In concluding the review of two-dimensional maps formed by a pairwise combination of the three main factors for evaluating government and political figures (Strength / Activity, Morality and Competence), the key role of the Morality factor should be noted. It plays the role of a razor blade, which clearly separates in the minds of people the "power of good" from the "forces of evil." In his absence, based only on the assessment of the strength, activity and competence of political figures (3 map), there is a risk of replacing and confusing concepts, distorting landmarks when understanding who is who in the multi-colored palette of internal political forces.
***
As already noted, a special character was introduced into the list of objects for evaluation - “The ideal state political figure” ("Ideal"). He played the role of a peculiar standard of politics, from the point of view of survey participants, and was evaluated along with real state-political figures. When processing the results of the survey, it provided an opportunity to see how real state-political figures are close or far from the “Ideal” image, taking into account the ratings they obtained on all three criteria - Strength / Activity, Morality and Competence.

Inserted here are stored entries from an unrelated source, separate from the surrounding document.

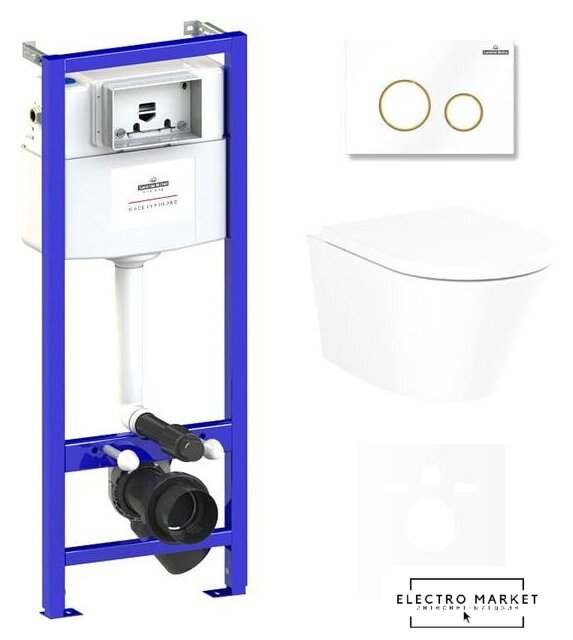 подвесной, без бачка, задний подвод воды, горизонтальный выпуск, двухрежимный слив, с сиденьем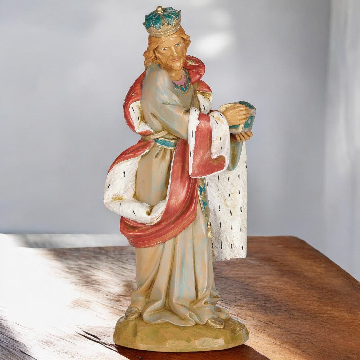 King Melchior is traditionally remembered as the Magi who presented gold to the Christ Child, a gift symbolizing kingship and honor. This figure portrays Melchior in regal robes trimmed with rich detail, a jeweled crown upon his head, and his offering held with reverence. His posture conveys both dignity and humility as he kneels in spirit before the newborn King. Together with Gaspar and Balthazar, Melchior enriches your collection with beauty and meaning, celebrating the Epiphany and the journey of faith that led them to Bethlehem.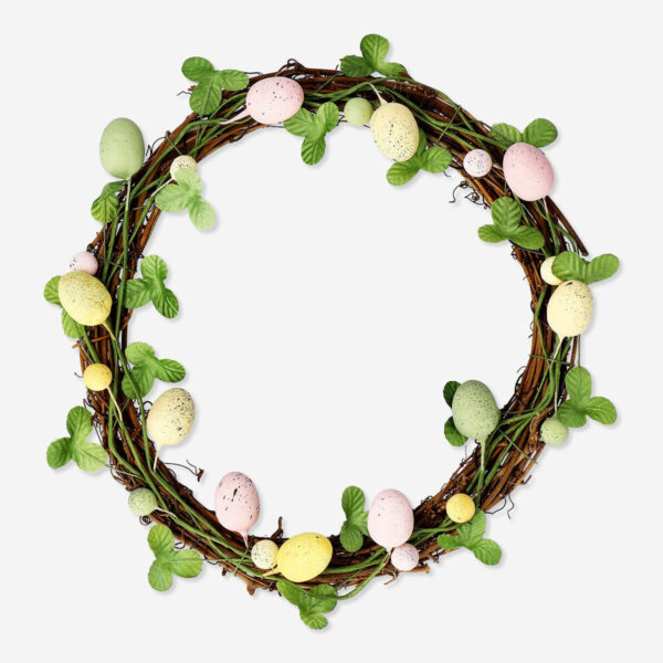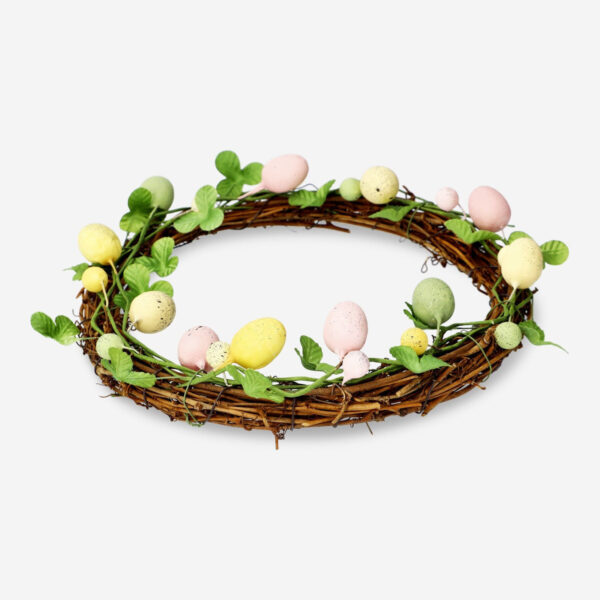Embrace Easter with our festive wreath, a charming addition to your home decor. Measuring 25 cm in diameter, this multi-coloured wreath features delightful eggs and leaves. Perfect for interior decoration, it brings a festive touch to your space. Celebrate the spirit of Easter with this unique wreath adorned with eggs and leaves, adding delightful and seasonal charm to your home this holiday.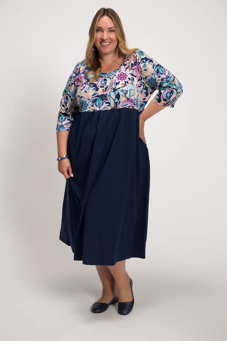 Abstract Top Print Empire Knit Dress - simple design with just a dash of color. Round neck. 3/4 sleeves, gathered empire waist and side seam pockets. A-line swing shape.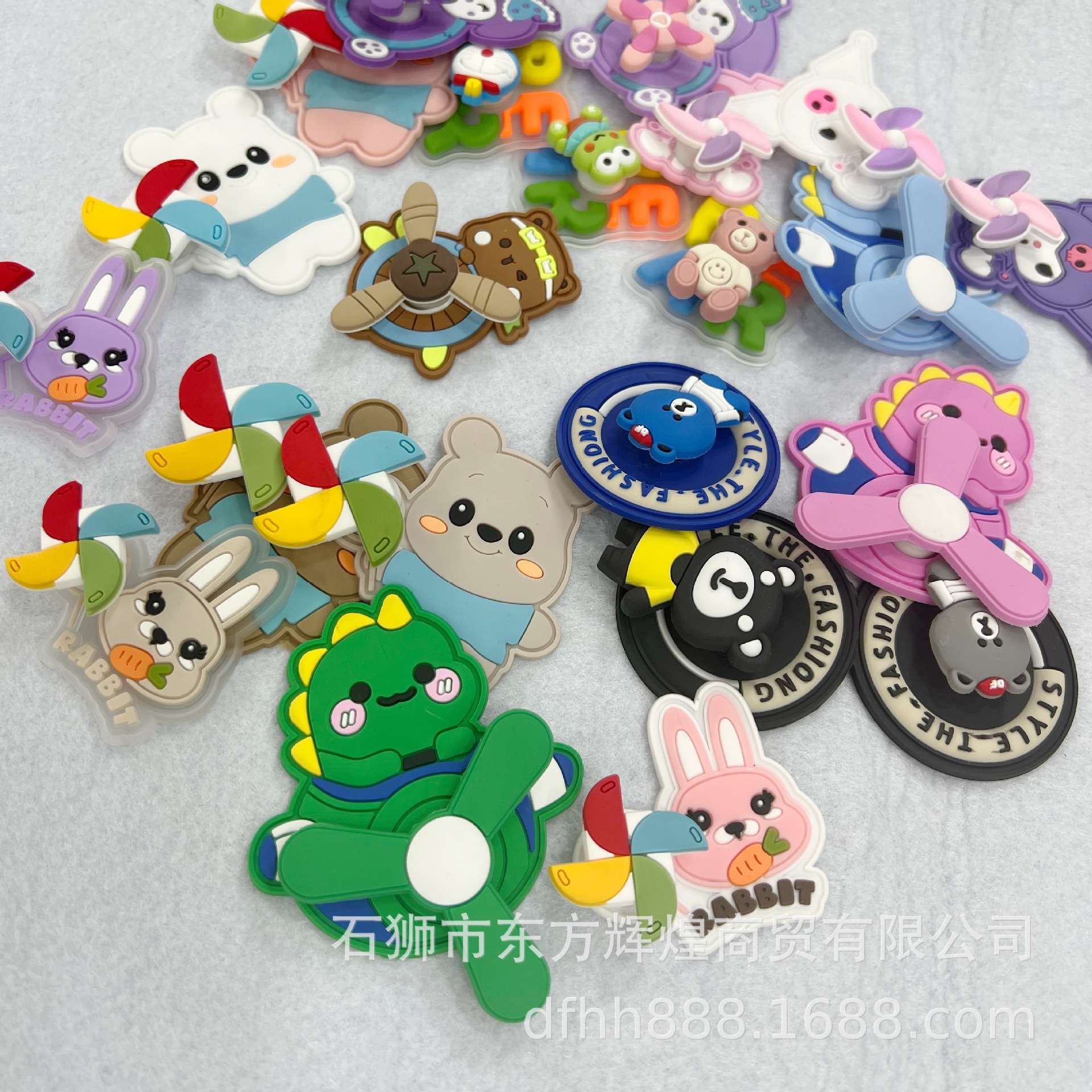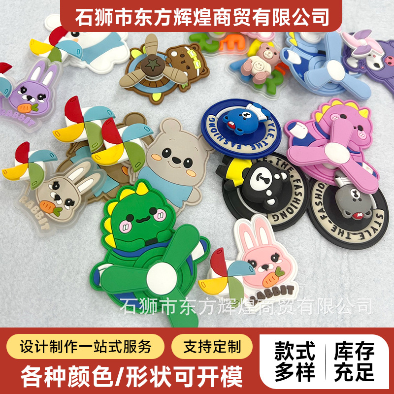 작은 곰과 토끼 만화 캐릭터 PVC 소프트 라벨 어린이용 선캡 회전 풍차 PVC 고무 라벨 비행기 소프트 라벨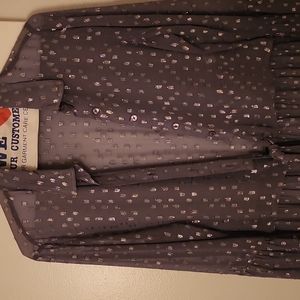 This beautiful sheer top is from Venus. Size 12. color is blue multi but looks more grayish blue in person with silver metallic. Just gorgeous! This top would better suit someone at least 5' 6"-5' 8" in height. It is very long.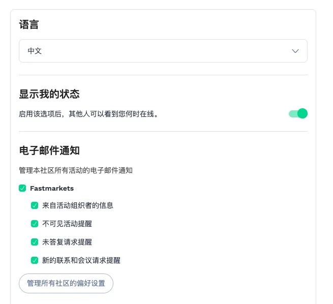 3. 界面语言切换如果您参加的会议所在地为中国,会务组的小伙伴已经为你帮语言障碍全部跑通了。您可以在设置中轻松切换为简体中文,无障碍使用所有功能,包括查看中文议程、演讲嘉宾等全部会议信息。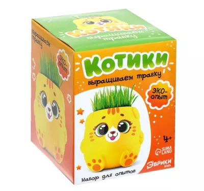 Набор для опытов "Котики. Выращиваем травку" цв.желтый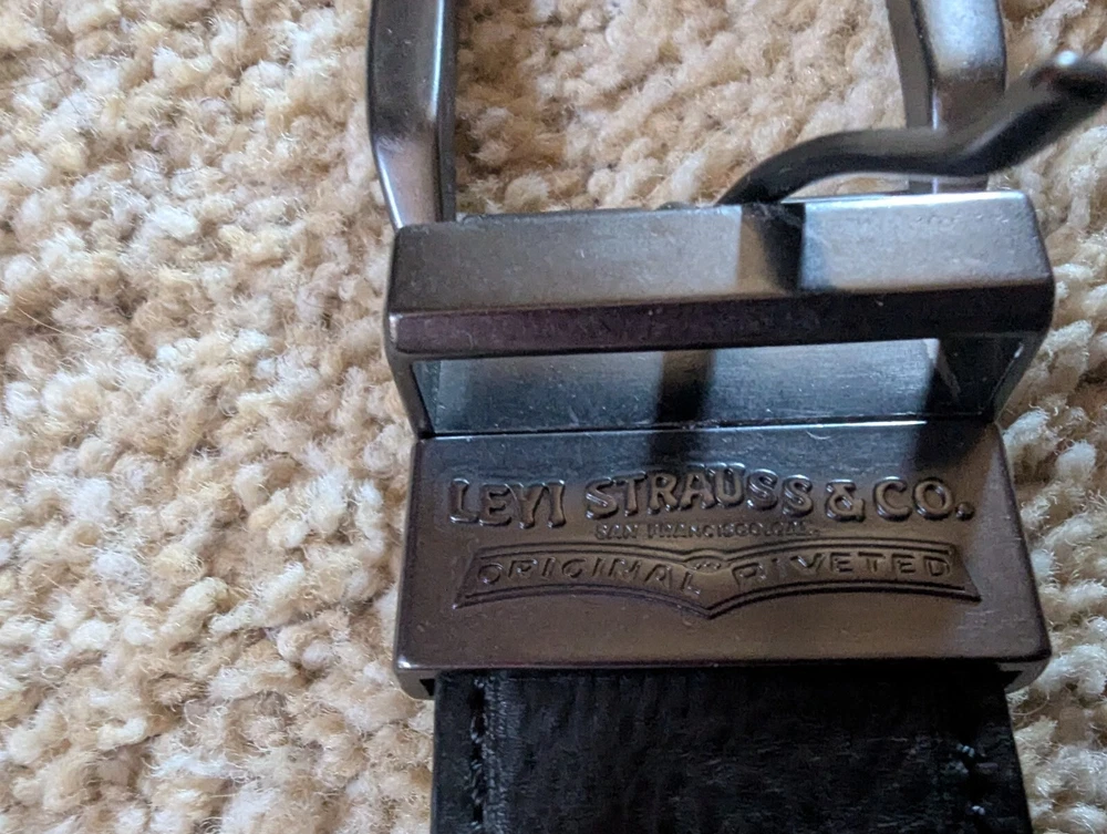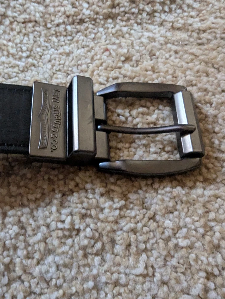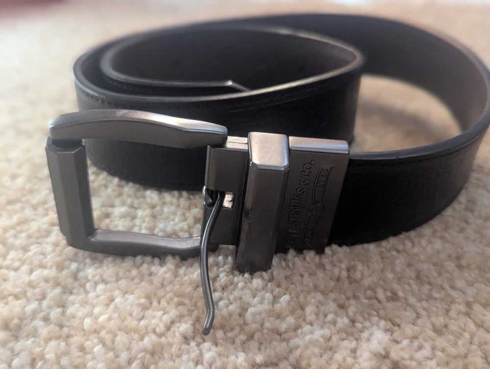 This black Levi's dress belt is perfect for any occasion. Made of bonded leather, it features a solid pattern and a brass buckle. The belt is 1.5 inches in width and can fit waist sizes up to 35 inches in length. The size L (30-32) belt is suitable for men and is a regular size type. It is not vintage and is not handmade. The belt is not personalized and is not suitable for children. The Levi's brand is known for its quality clothing and accessories, and this belt is no exception.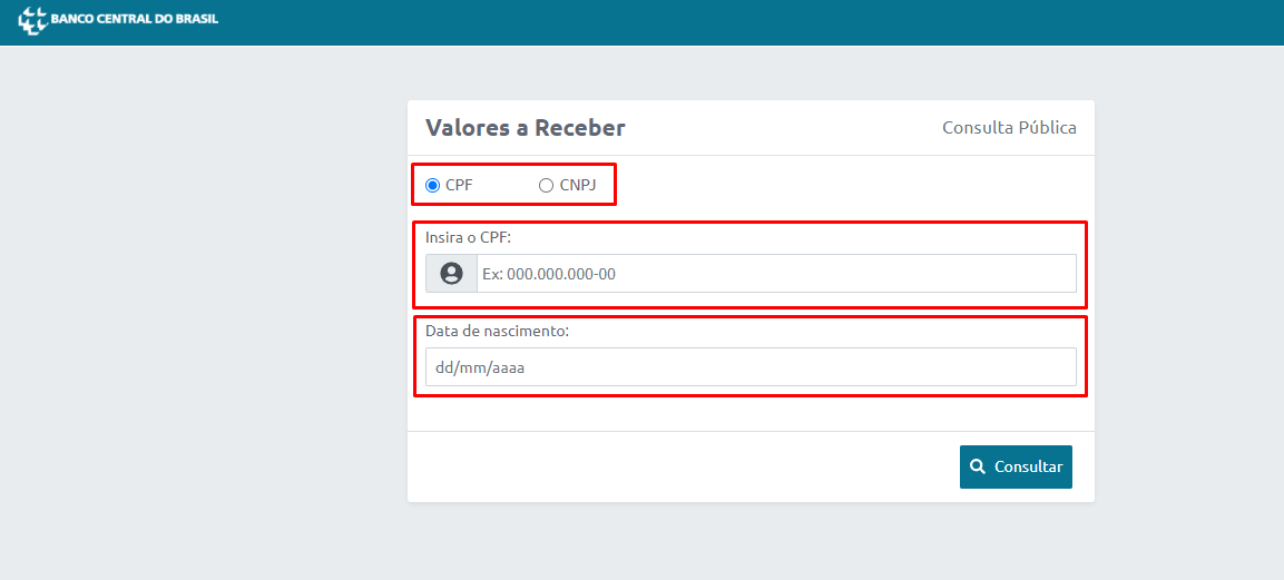 A verificação é gratuita e deve ser feita exclusivamente através da página oficial do Banco Central, canal seguro e liberado pela instituição para os cidadãos poderem consultar se há valores a serem ressarcidos mediante ao CPF ou CNPJ informado.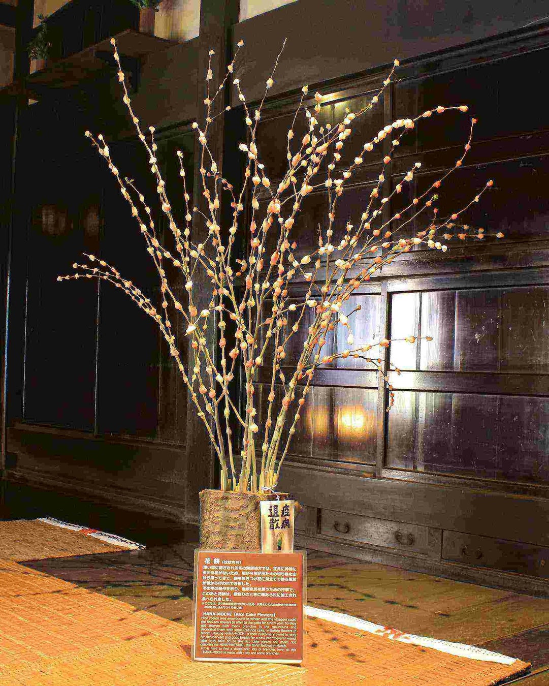 原三溪の故郷、岐阜県から移築した合掌造りの旧矢箆原家住宅では、飛騨地方に伝わるその年の豊作を祈り無病息災を願うための花餅を飾ります。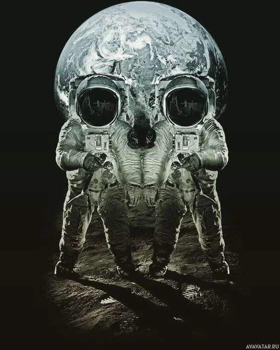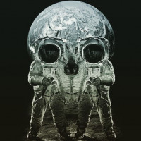 The image depicts a skull with human-like features, such as an astronaut's helmet and suit. The skull is set against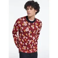 The Kooples Pull Col Rond En Jacquard Fleurie Dark Red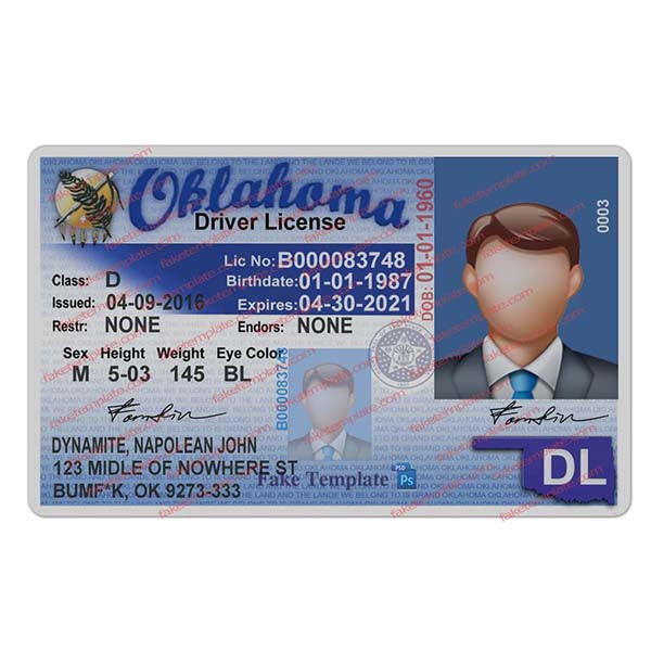 Buying and possessing Fake oklahoma driver license is not illegal. However, This template is for web illustrative purpose only. The use for fraudulent purposes is prohibited. so,use the template with your own responsibility.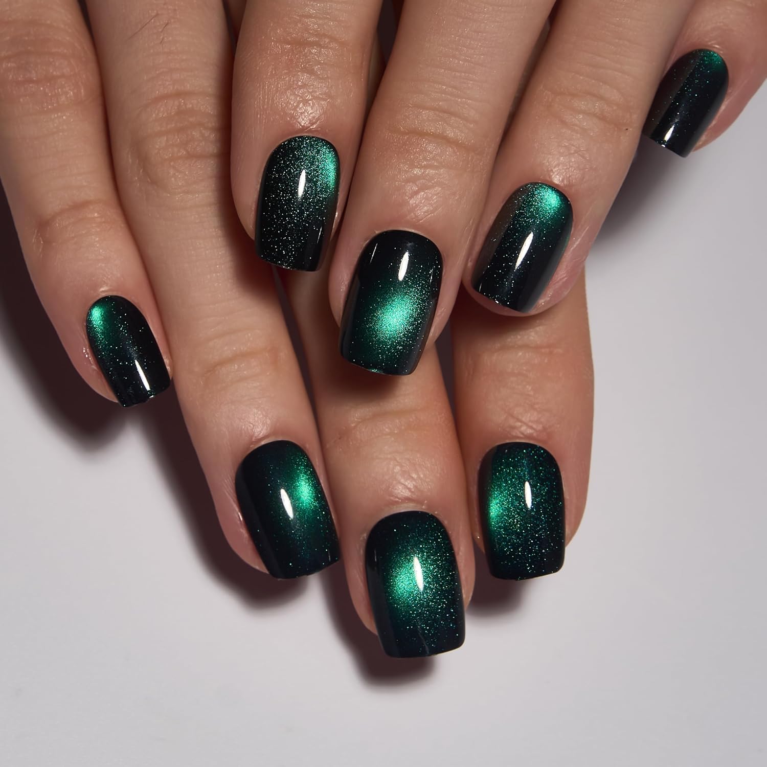 Curvlifie 3 Angle Cat Eye Press on Nails - Color Changing Short Square Fake Acrylic Nails with 3 Angle Shift Effects, Full Cover False Nails Tips Glossy Reusable Manicure Set for Women

The measure of the distance of a real politician from Ideal was the total difference of the corresponding factor estimates, calculated according to the rules of vector algebra. If we imagine the position of a certain politician and the “Ideal” in the three-dimensional factorial space as vectors, then the distance between the ends of the vectors will be the desired value of the politician’s proximity / distance from the “Ideal”. Let's call this value index of compliance "ideal". The closer a real politician is to the “Ideal”, the lower the value of his index, and vice versa, the farther the politician from the “Ideal”, the greater the value of the corresponding index.
All real state-political figures were ranked according to the indices they obtained, starting with the minimum and ending with the maximum index. Further, to the ranked list of politicians was used the procedure of splitting into quartiles (four groups), which allowed to classify all politicians into the closest to the “Ideal”, the most distant from the “Ideal” and belonging to two intermediate groups.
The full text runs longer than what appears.